Even more important is a point which Self appears to ignore entirely: the question of whether or not film remains the most significant facet of modern culture presupposes its previous dominance. While Self argues that McQueen, Bacall and Hopkins unite his generation, I am utterly certain that huge swathes of forty-eight year olds would disagree, and perhaps even fail to recognise which three films he is referring to. It is wrong to claim flatly that film has been the cultural centrepiece of the twentieth century – for many, its primacy has never been the case. With this in mind, it becomes clear that the subsequent argument – that film (or film’s primacy) has died – is equally subjective. The friends and colleagues he encounters may agree with him, but for many – including my own group of peers – film has never been more of a potent and unifying force in culture.
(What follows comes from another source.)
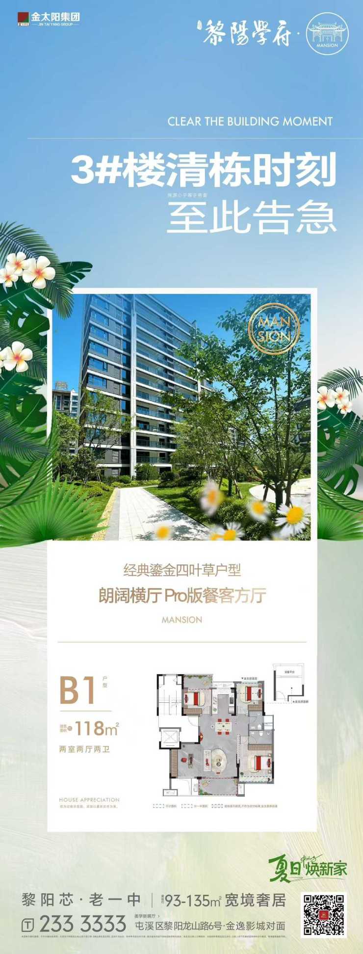 热销好房,清栋时刻。黎阳学府3#楼建面约118㎡经典鎏金四叶草户型,朗阔横厅 Pro版餐客方厅,家庭聚会,社交待客,无压力;南北双阳台,清风穿堂而过,自然风景封藏日常生活;主卧飘窗,私享尊崇生活。

I fear also that Self may be viewing cinematic history through a lens darkly distorted by nostalgia. While he writes of growing up with such undisputed classics as Chinatown and Apocalypse Now, he unfairly contrasts these with three lacklustre releases of 2008: The Incredible Hulk, Wanted and The Love Guru. In this way, he is pitting the best that the cinema of his youth has to offer against the worst of today’s – an unfair and transparently selective technique. In fact, in my experience, 2008 was a year that proved once again film’s cultural primacy; this was the year of The Dark Knight, a film that seemed to define the summer. Going further afield, one only has to glance at India’s Bollywood to see a film industry that dwarves Hollywood in its production rates and that has ensured that films have become a unifying and staggeringly popular force all across the country. His belief that film’s cultural primacy is dead cannot really be disproved, but it can be challenged. I cannot personally think of any other cultural medium that unites people in the way that film can – it is rare for a book or video game to be so widely experienced and discussed in the way that certain films are. Film is the most democratic and inclusive of experiences, and it is yet to be bettered in this way.

Ultimately, however, Self seems unsure of exactly who or what he is attacking. He flips between lamenting the rise of choice in our lives (wistfully recalling the days of ‘three terrestrial television channels’) and attacking the current state of films and their quality. The first point is hardly fitting of a riposte, except to condemn it as nostalgia at its most simplistic and tiresome, while the second is, to labour the point, subjective. I would argue that, with films such as Synecdoche, New York, There Will Be Blood and Let the Right One In, quality cinema is most definitely alive and well, though I will happily acknowledge its current health cannot be objectively assessed (unless done so financially). If Will Self believes that films ain’t what they used to be, then so be it, but I can only pity him for being unaware of, or stubbornly ignoring, the masterpieces that the universally inclusive medium of film continues to produce.